Study material START
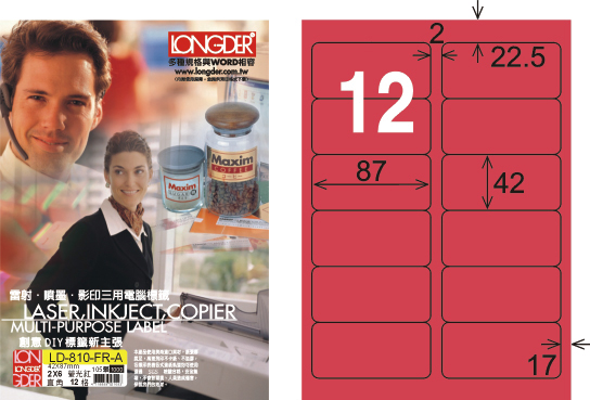 >龍德 LD-810-FR-A A4雷射影印標籤 螢光紅 / 盒
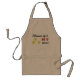 Cute, heavy duty apron with wide front pocket. Light to wear and easy slip on and off. Shorter length perfect for my 5 ft frame. I love it! Wording and print looks good with clear borders. Stitching is good, nicely finished.
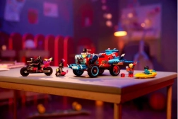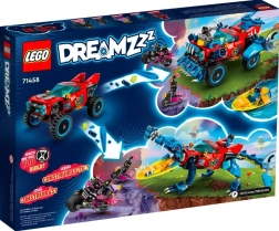 LEGO DREAMZzz Krokodílie auto (71458) inšpirované televíznym seriálom umožňuje deťom tvoriť úžasné stavby a zároveň sa ponoriť do dobrodružstiev. Deti môžu zažiť zábavu zo stavania vďaka možnosti zostaviť vozidlo dvoma rôznymi spôsobmi, či už ako krokodílie auto s pohyblivými končatinami a vystreľovačom diskov, alebo terénne vozidlo s rotujúcimi kolesami a odnímateľnou strechou.
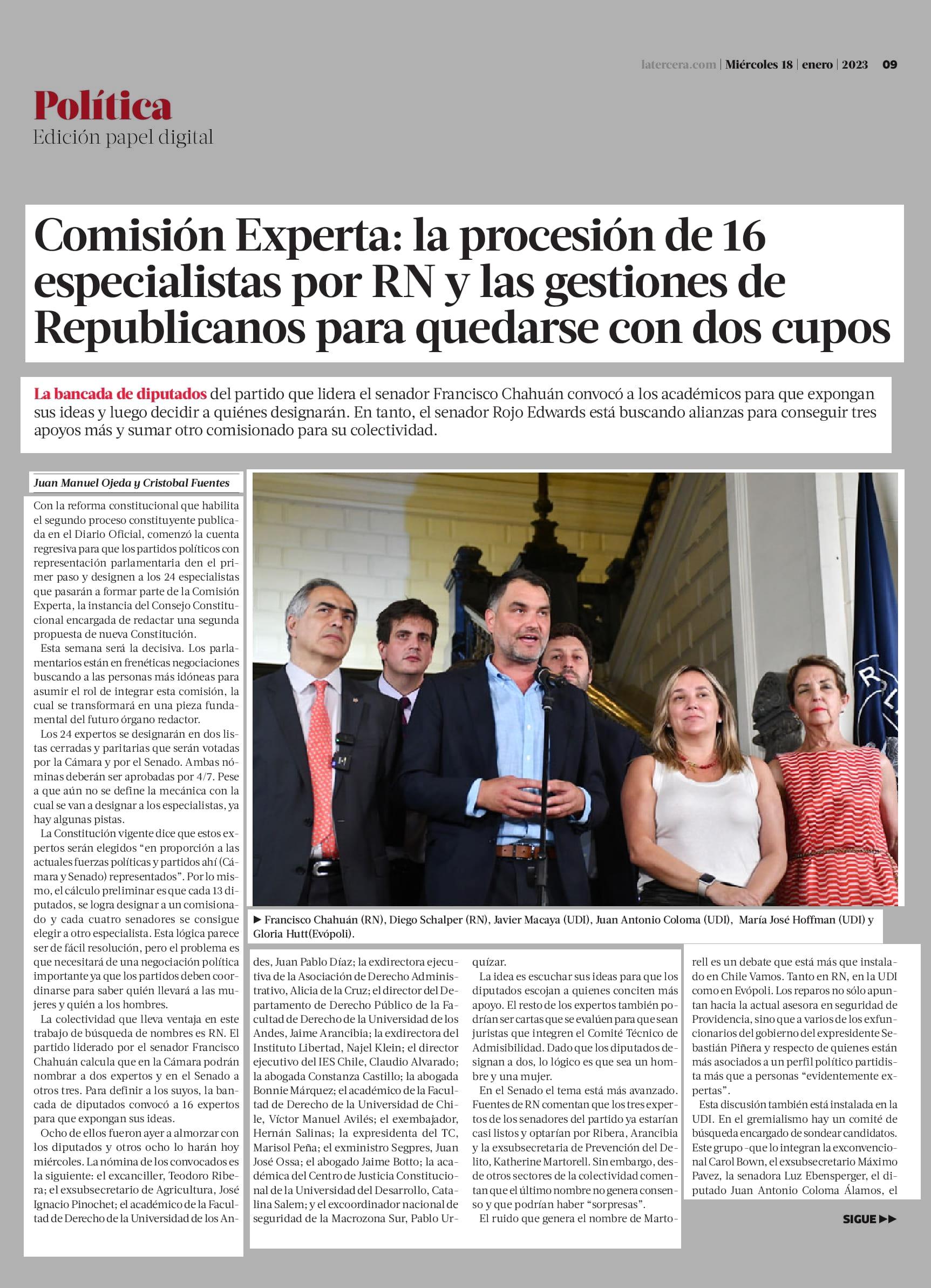 Comisión Experta: la procesión de 16 especialistas por RN y las gestiones de Republicanos para quedarse con dos cupos 18-01-2023 La Tercera |
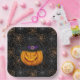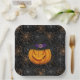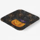 Diese Papiertafel ist in einem undurchsichtigen Halloween-Spinnennetz und Kürbisprint-Design zu sehen. Passen Sie dieses Objekt an oder kaufen Sie, wie es ist. Für dieses Design bieten wir auch passende Papierservietten an. Bild
Study material END
### Activity
Each line above should be set down exactly as written, with pictures excluded.

### Solution for this problem
 >龍德 LD-810-FR-A A4雷射影印標籤 螢光紅 / 盒
 Cute, heavy duty apron with wide front pocket. Light to wear and easy slip on and off. Shorter length perfect for my 5 ft frame. I love it! Wording and print looks good with clear borders. Stitching is good, nicely finished.
 LEGO DREAMZzz Krokodílie auto (71458) inšpirované televíznym seriálom umožňuje deťom tvoriť úžasné stavby a zároveň sa ponoriť do dobrodružstiev. Deti môžu zažiť zábavu zo stavania vďaka možnosti zostaviť vozidlo dvoma rôznymi spôsobmi, či už ako krokodílie auto s pohyblivými končatinami a vystreľovačom diskov, alebo terénne vozidlo s rotujúcimi kolesami a odnímateľnou strechou.
 Comisión Experta: la procesión de 16 especialistas por RN y las gestiones de Republicanos para quedarse con dos cupos 18-01-2023 La Tercera |
 Diese Papiertafel ist in einem undurchsichtigen Halloween-Spinnennetz und Kürbisprint-Design zu sehen. Passen Sie dieses Objekt an oder kaufen Sie, wie es ist. Für dieses Design bieten wir auch passende Papierservietten an. Bild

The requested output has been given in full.